The Powhatan v. Skinger cite carries weight in this corpus. That case is itself a Schiller-chambers (E.D. Va.) collecting-cases opinion on pro se AI sanctions; it is increasingly the authority sister courts cite when they want to anchor an AI-caution footnote in a cross-circuit consensus rather than a single-judge view. For partners drafting AI-citation sanctions briefs in 2026, Powhatan is the working canonical cite for “courts have routinely threatened to impose sanctions on pro se litigants who cite AI-hallucinated authority.”

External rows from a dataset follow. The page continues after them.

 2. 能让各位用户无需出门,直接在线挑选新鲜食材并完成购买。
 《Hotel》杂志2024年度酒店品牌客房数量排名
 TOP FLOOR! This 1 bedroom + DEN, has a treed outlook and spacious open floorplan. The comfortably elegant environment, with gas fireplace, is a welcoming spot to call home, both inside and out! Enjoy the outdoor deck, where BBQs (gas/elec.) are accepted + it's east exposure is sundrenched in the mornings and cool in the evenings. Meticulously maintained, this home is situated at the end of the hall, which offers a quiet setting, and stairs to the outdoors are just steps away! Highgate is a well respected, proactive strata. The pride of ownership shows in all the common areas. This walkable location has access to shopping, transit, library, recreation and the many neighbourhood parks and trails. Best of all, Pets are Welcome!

Finally, the procedural shape (warning in footnote, dismissal on other grounds, leave to amend) is now visible across multiple districts in early 2026: Ambrose v. Lee (D. Conn., footnote-warning to pro se defendant), Dixon v. MultiCare (W.D. Wash., warning in section G of an order on motion to dismiss), Doe v. United States (D.N.J., footnote 3 on a § 1915 dismissal), and CHP 1010 McDowell v. Turpen (Bankr. D. Colo., separately-labeled “Warning” section in an AP motion to dismiss order). The judicial response is calibrating to: dismiss / decide on independent grounds; add the AI warning at the procedural moment closest to the next-filing decision; reserve fees for any repeat conduct.

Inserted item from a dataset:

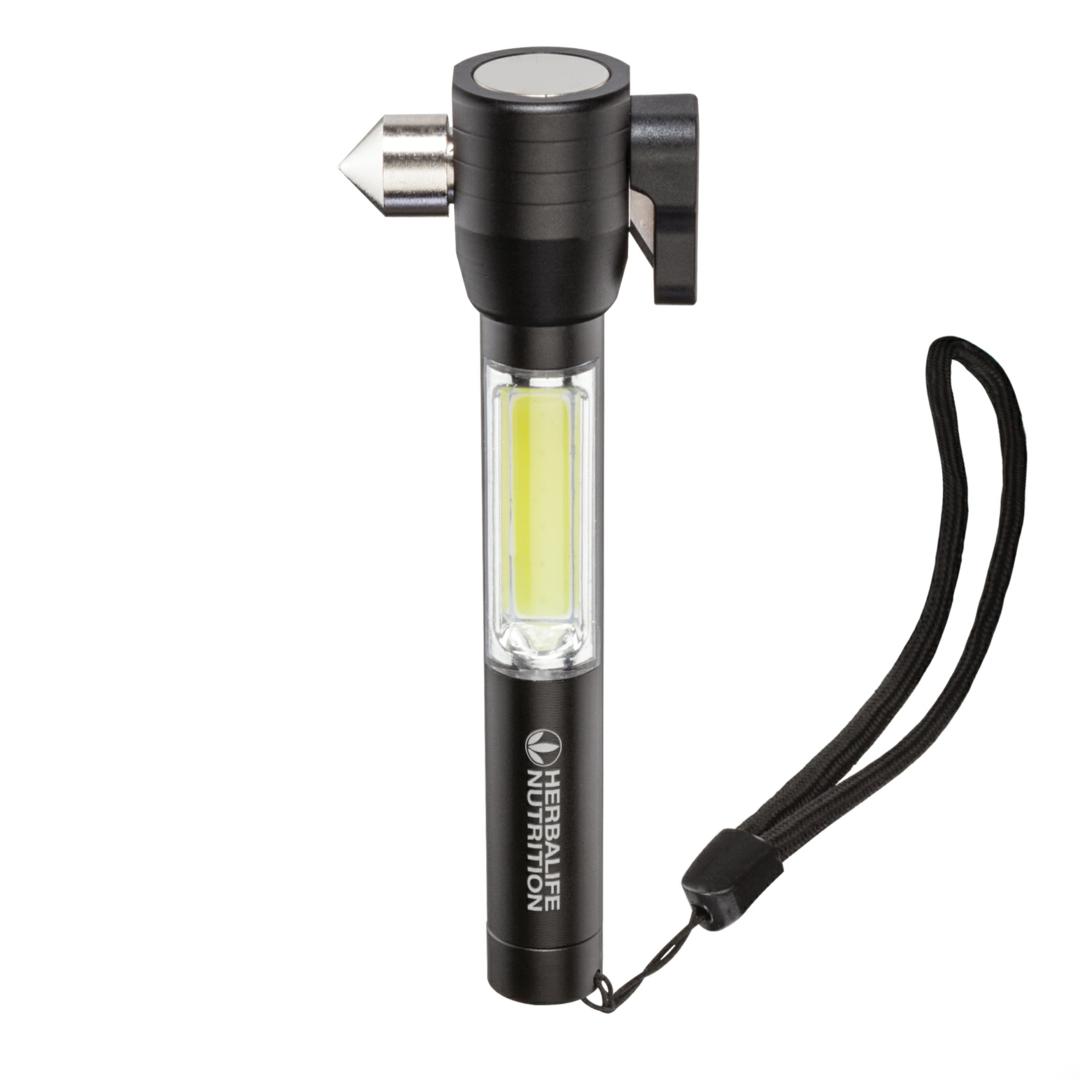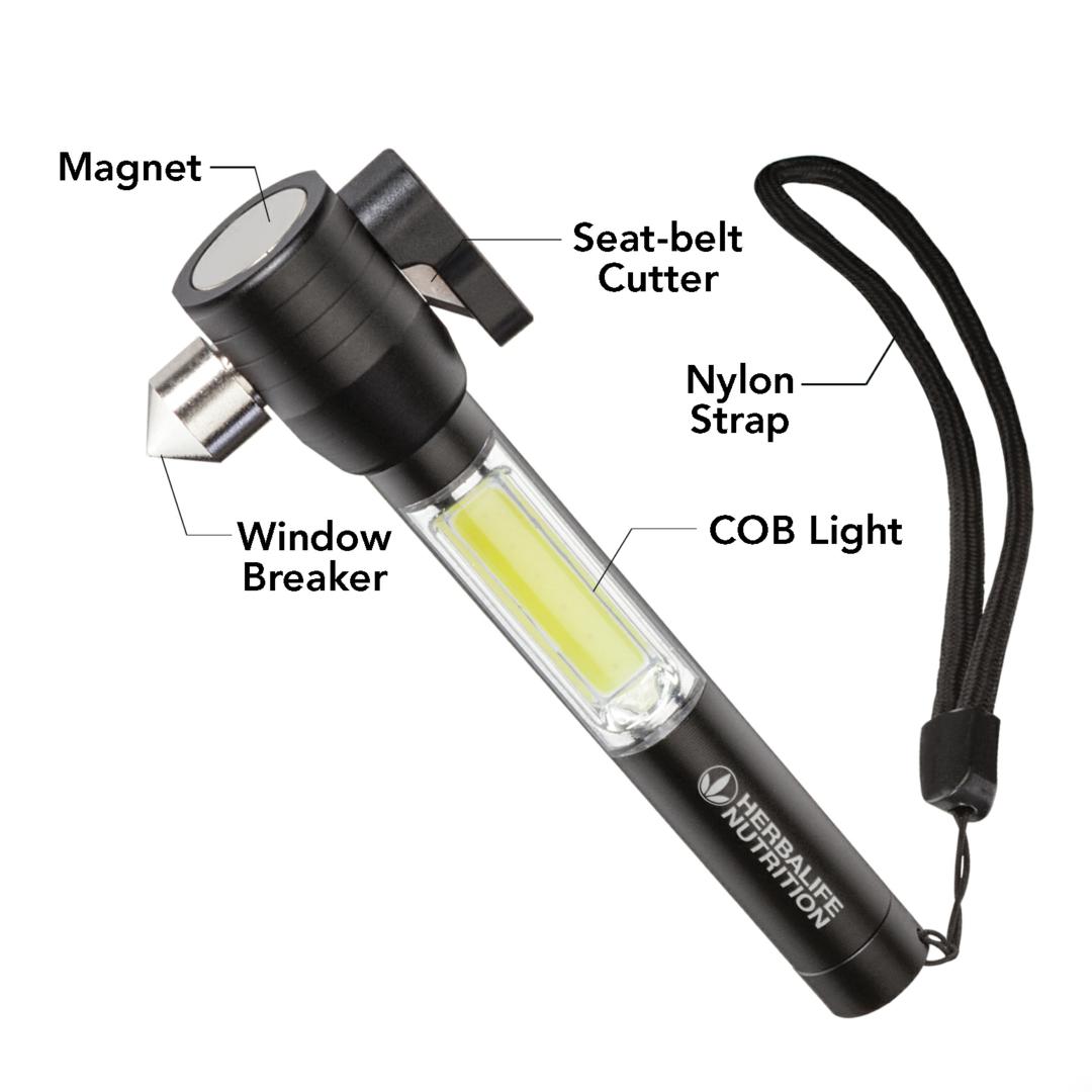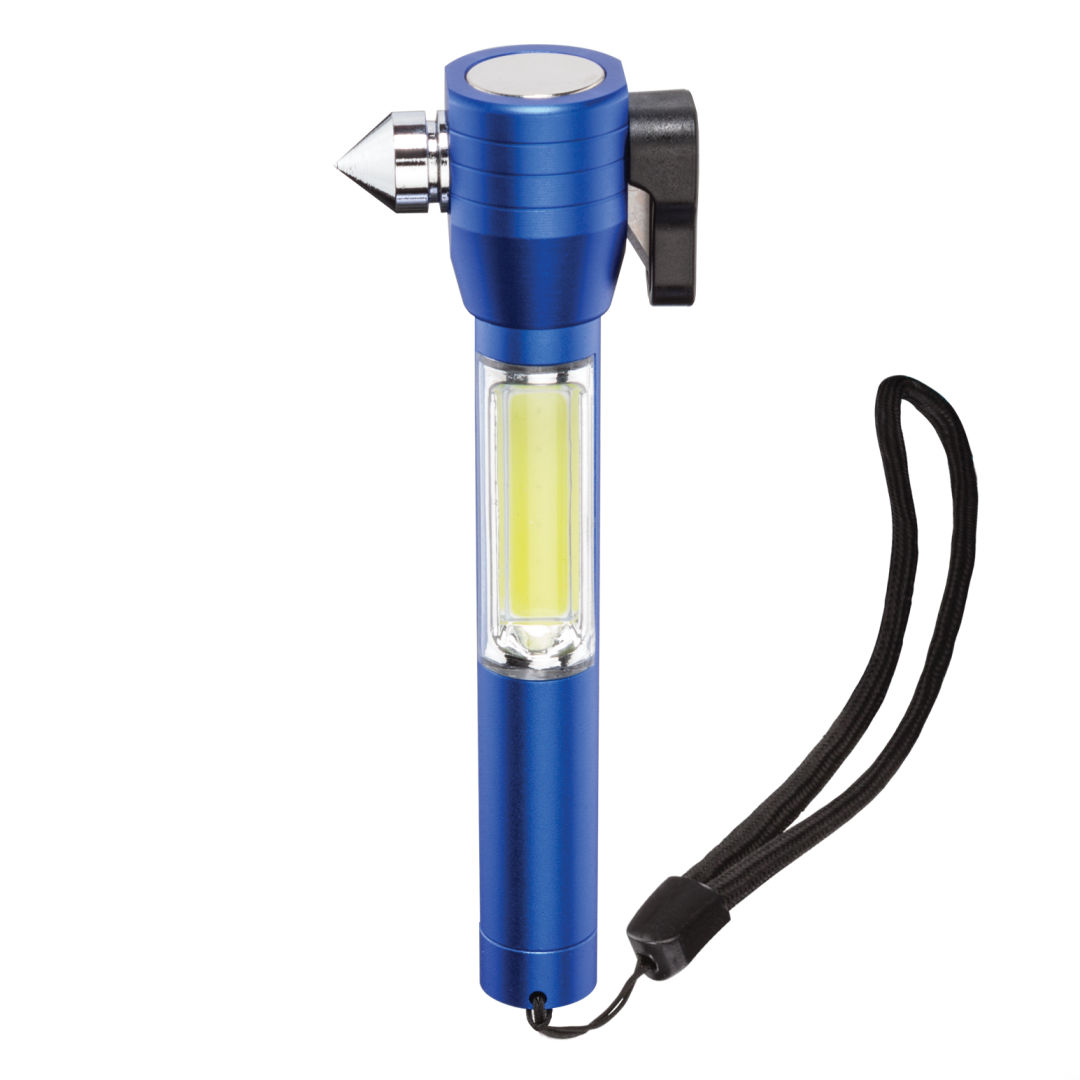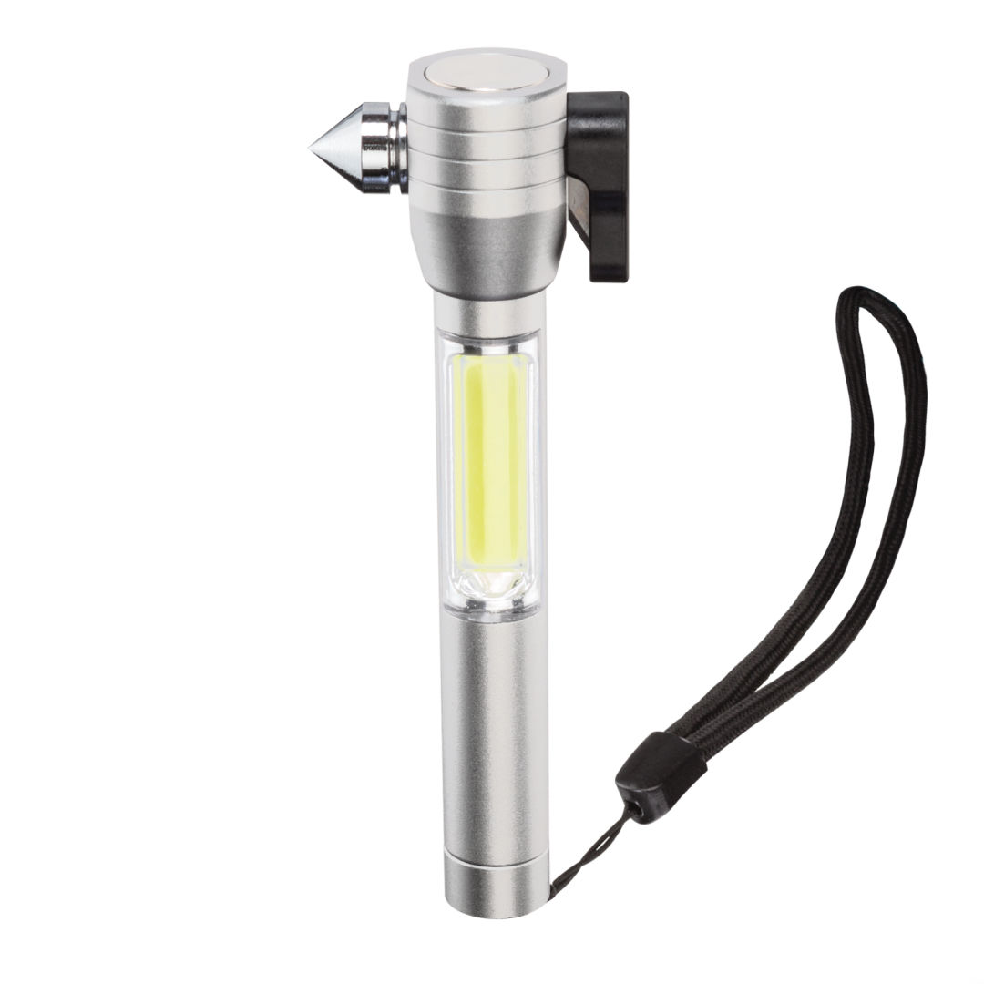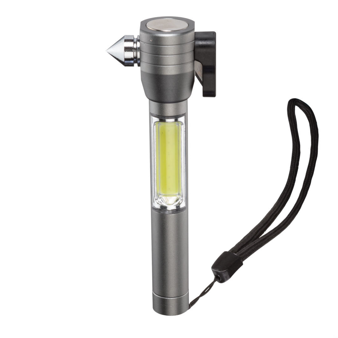 Auto emergency multi-tool with nylon wrist strap.- Compact design with bright 70 lumen COB light.- Magnetic head base for light multi-positioning .- Stainless steel side-window breaker.- Integrated safety belt cutter.- Anodized aircraft-grade hard aluminum alloy body.

Implications for your firm
Operational steps a firm reading this case may wish to consider documenting. Strategic and rule-application calls belong to your firm's attorneys.
- Track O'Hearn's framing as a clean template for the warning-in-footnote posture: dismiss on independent merits grounds (here Rule 8 / § 1915(e)(2)), then add a Rule 11 AI caution in a footnote keyed to the leave-to-amend grant. The structural effect is that the AI conduct becomes a docketed warning on the record without the procedural overhead of a separate sanctions analysis.
- Document the Powhatan v. Skinger (E.D. Va. June 2, 2025) cite as the cross-circuit collecting-cases authority for pro se AI sanctions; it's a useful one-stop cite when drafting AI-citation sanctions motions or response briefs.
- Recognize the cross-claim-type pattern: AI hallucinations appeared in the complaint exhibits (ECF No. 1-3), not the complaint body itself. Defense counsel screening pro se filings should pre-verify cited authority in exhibits, not just the main pleading.
- Note the Osei-Afriyie minor-child rule: parent-pro-se claims on behalf of minors are dismissible in the Third Circuit, separate from the AI / Rule 11 analysis.